FIG. 6 is a graph showing the frequency characteristics which the magnetic head and the disk exhibit when data is read by the magnetic head from the disk. As is apparent from FIG. 6, when the density of data recorded on the disk is increased, the signal level is lowered. In a conventional FDD, the velocities of the inner and outer sides of the disk and the data transfer rates thereof are constant. The recording density at the inner side of the disk is, therefore, inevitably higher than at the outer side.
The signal level of the magnetic head is lower at the outer side of the disk than at the inner side. For this reason, the signal read from the inner side of the disk has lower resolution than the signal read from the outer side. As resolution decreases, peak shifting increases due to waveform interference.
The read margin is called "noise margin", and can be considered as the degree of occurrence of read errors with respect to variations of data pulses due to peak shifting by waveform interference, noise, and rotational variations of the motor.
As shown in FIG. 7, assume that the widths of the read gate pulses in data pulses are gradually decreased to find a limit beyond which read errors do not occur. The limit is raised when margin T is increased, thereby improving the performance of the read circuit.
According to the switch filter scheme in conventional FDDs, however, the LPF filter constant is changed. Hence, a large number of components, especially resistors and capacitors, are required, resulting in a complex arrangement.
In the conventional scheme for increasing the write current at the outer side of the disk, the write current must be large to obtain a sufficient effect.
Still another conventional technique to solve the above problems is disclosed in U.S. Pat. No. 4,244,008. U.S. Pat. No. 4,244,008 describes a read compensation circuit in a magnetic recording apparatus. According to this technique, the frequency characteristics of LPF 3 and the damping constant of differentiator 5 are changed. Harmonic components are increased to emphasize the waveform of the signal portion. As shown in FIG. 1 (prior art, or the U.S. patent), coils (L) 54a and 54b are selectively operated to change the L value, thereby changing the damping constant.

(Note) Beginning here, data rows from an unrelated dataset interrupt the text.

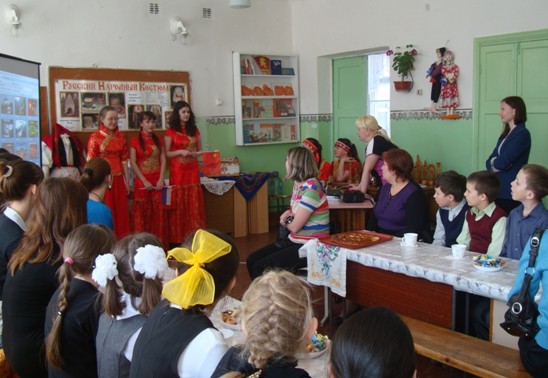 茶艺表演在枚格中学的校史馆举行。校史馆陈列着小镇的的历史文物和学生自制的艺术作品,散发着浓浓的文化气息,让人感受到这个学校对文化传承的高度重视。在这里举行茶艺表演同样让这些俄罗斯的小朋友体验到了中国文化的魅力:醇厚的铁观音,清香的龙井茶,精致的中国茶具,室内充满了诱人的茶香。。望着孩子们手捧的茶杯,细细地品尝着用贝加尔湖的水冲泡出的中国茗茶,看着周围展品架上的大小展品,让人感到这是一幅中俄两国文化交融的美丽画卷。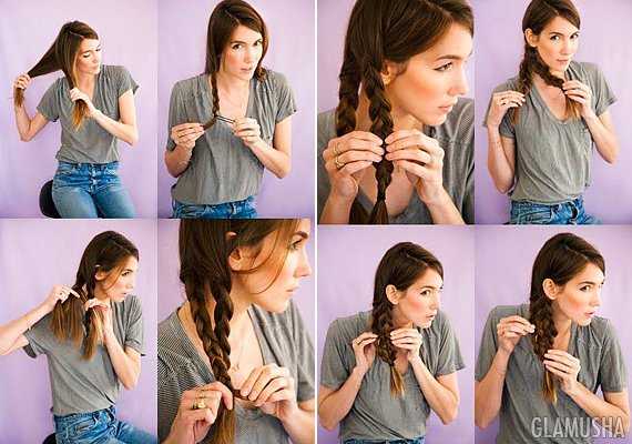 Спортивные прически на средние волосы с плетением косы позволяют выглядеть женственно. Попробуем заплести асимметричную косичку самостоятельно, она позволит не только спокойно заниматься, например, на тренажерах в фитнес-клубе, но и кадрить симпатичных тренеров и мужчин в зале. Следуем пошаговой инструкции: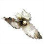 Výrazná, efektní stříbrná brož s bílou perlou - květ. Šperk byl vyroben ze stříbra ryzosti 935/1000, o celkové váze 13,43 g. Rozměry cca 7 x 4,5 cm. Výborný stav.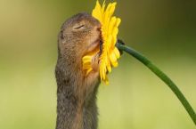 Squirrel smelling dandelion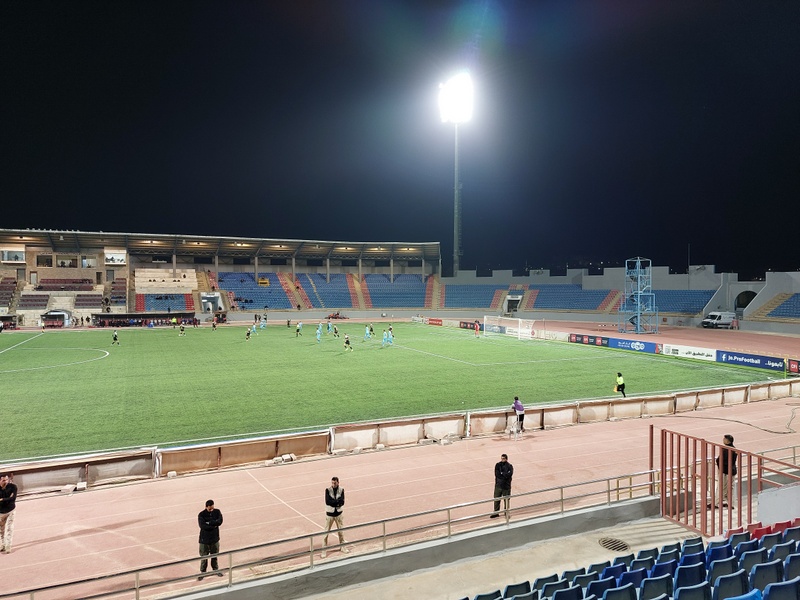 We had seats along the side of the pitch, facing the main stand. Prince Mohammed Stadium was built in 1998 and has a current capacity of 11,400. It’s an artificial surface with a running track between the pitch and the stands.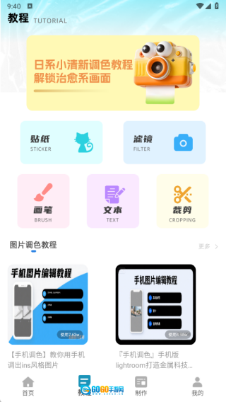 3、教程页面包含贴纸、滤镜、画笔、文本、裁剪以及图片调色相关教程。

However, when the coil value changes, the peak deviates from its normal position.
Recent FDDs use high-density recording media to increase the memory capacity. In these FDDs, a read circuit must read recorded data not only from a high-density magnetic recording medium but also from a low-density magnetic recording medium, assuming the two media are of the same shape. The rate of transferring data from the high-density magnetic recording medium is different from that of the low-density magnetic recording medium. There is a difference between the frequency bands of the signals from the two media. If the magnetic recording medium spins at a constant speed, and its recording density is doubled, the data transfer rate and, hence, the frequency bandwidth of the read signal are also doubled.
In this FDD, differentiator 3, provided in the read circuit, is adjusted such that differential filter characteristics correspond to high-density recording, providing a broadened signal frequency band.
When, in a read circuit with a differential filter arranged as described above, data is read from the low-density magnetic recording medium, high-frequency noise in the read signal is emphasized, thus decreasing the S/N ratio and read margin of the signal. Since a high-density recording head has a narrow read gap, resolution increases excessively when data is read from a low-density magnetic recording medium. The harmonic component also increases in the differentiated waveform of the read signal. As a result, error pulses are often mixed in with the read data pulses.
To solve the above problem, still another scheme has been proposed in which the cut-off frequency of the LPF is switched. However, a multi-stage filter arrangement is required, resulting in a complex circuit and a large number of components.